Everest VR demo triggered my fear of heights and nearly brought me to my knees - hermanwasibuntold
I've played thousands of hours of games finished my lifetime, everything from Superintendent Mario Bros. to Quake III Orbit to Witcher 3. But none—none!—has ever elicited much a strong reaction from me as the Everest demo I tried on the HTC Vive Pre in Nvidia's entourage at CES 2022.
I have a ingrained revere of high, you see. Equal, it's a serious-minded problem. Merely stagnant on a stepstool to reach something on the top shelf of a closet gives me the heebie-jeebies. And cleaning out gutters? Whoa boy.

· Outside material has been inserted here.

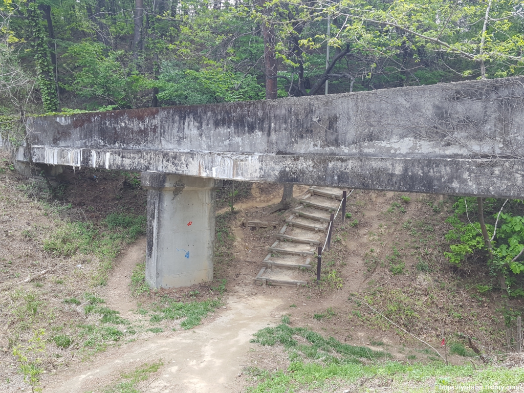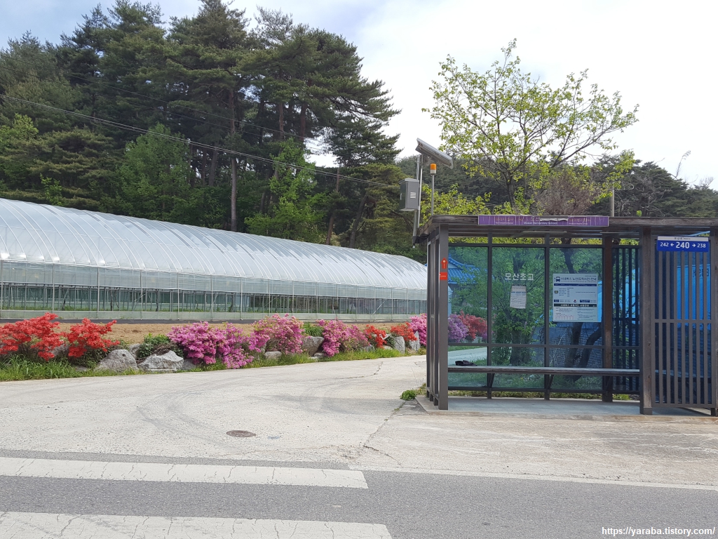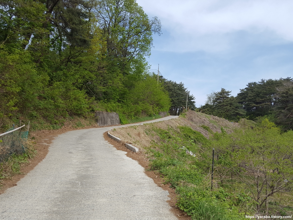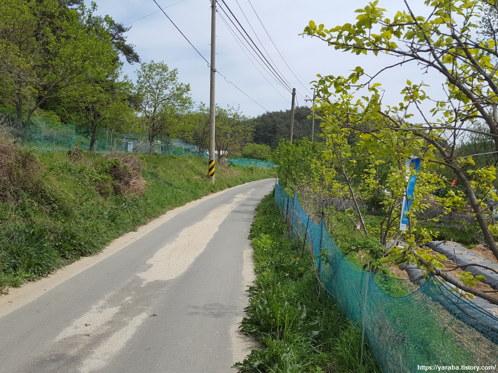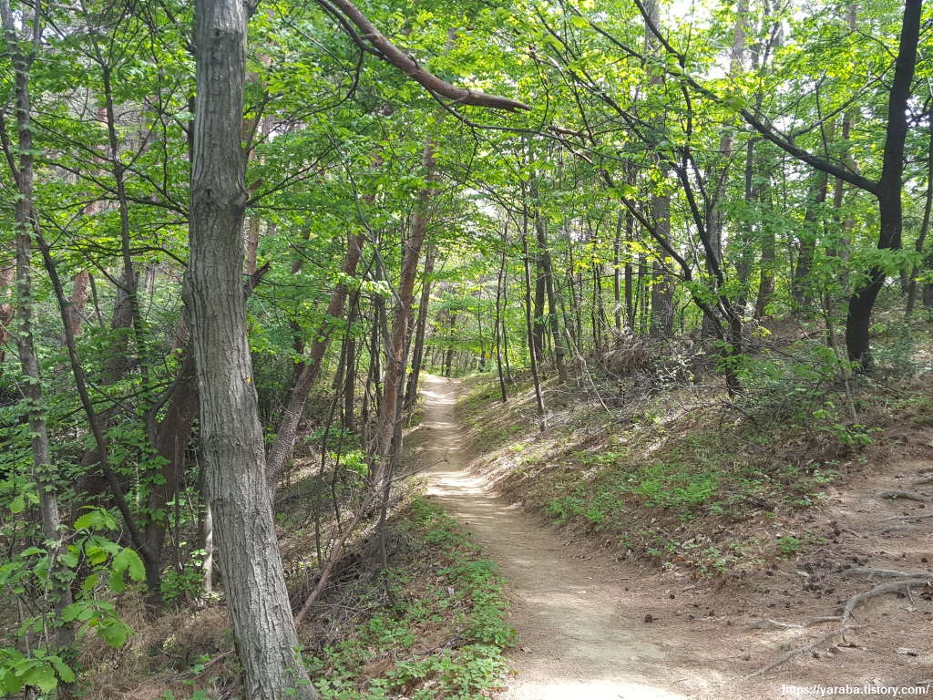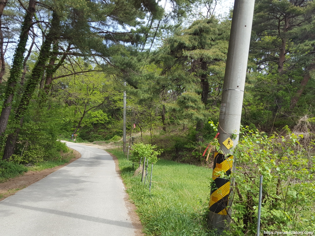 숲 속으로 들어오는 잔잔한 햇빛이 아름다운 길이다. 참 좋은 숲길이다!라는 감탄은 얼마 가지 않아 모산로 도로와 만나면서 끊어진다.

But information technology's never bothered me in games. I love wingsuiting around in Fair-and-square Cause 3, for instance—especially after jumping knocked out of a helicopter. And it hasn't even been a problem in other virtual reality titles. I have a first-gen Oculus Rift developer kit at home and adore soaring through space in Elect: Dangerous or plummeting out of the sky in SkyDIEving.
But that Everest show brought Maine to my knees. Not quite literally, but at hand.
I can't be sure why, just I chalk it up to the HTC Vive's dual VR apparent motion controllers, which are half-track individually and allow you to role your hands in games. The initial component part of the demo tasks you with walk across a inferior ladder splayed over a intense, black chasm in the Himalayas, with the wind kicking up drifts of snow around you, sending flakes whirling down into the darkness below. "Follow crosswise," your virtual pal on the other side beckons. "Grab the edges."
No problem. I bent down—you have to physically do that in Vive games that use the motion controllers—caught a glimpse of my death in the chasm below, and froze.
Not intentionally. But between the vividness of the scene, the way the headset and headphones completely immersed me in this frozen world, and the physical act on of reaching out and grabbing the ladder, my head decided this was real and stopped Pine Tree State cold.
It looks way bigger in VR.
I stood on that point, contemplating how to go while murmuring awkward words of… something to the Nvidia crew and camera guy around Pine Tree State, prepared my physical structure to impress. Yet—after an eternity—it listened, just only subsequently I gritted my dentition and loud in my head THIS ISN'T Really, IT'S JUST A FLOOR, while my early ape mind screamed back YES IT IS, WTF ARE YOU DOING?
The for the first time step, a lifetime later, almost made me snap, as ice snapped off the ravel and tumbled down into the chasm below my feet. But slowly, and not indeed surely, I made information technology to the other side of the ladder—a 10 ft. trip that I would've leaped over without thinking about in any past game. And I've never felt so proud (or shaky) in my life.
This is what virtual realism is capable of subordinate saint circumstances, with headphones and motion controllers and a large, empty room to wander around. Of fooling your monkey around brain. Of unfeignedly transporting you to places you'd otherwise never visit—leastwise if your PC is up to the task.
Until my physical structure refused to move spell trying to scale Mount Everest, I never understood how vital proper ready-made-for-VR controls could be to the realistic reality experience. I mean, I've played tons of Oculus games and demos on an Xbox 360 accountant and found myself immersed just fine. But motion controls and freedom of physical bm push the experience finished the top. It's a curse shame most people don't have a 15-past-15-foot room to give to a full VR setup like the Vive.
Oh, and in front I left, the Nvidia guys manning the demo told me that four people refused to cross that ladder at each. And then even though I was distillery shaky and sweaty while stressful to tear the video above, I didn't feel that foolish.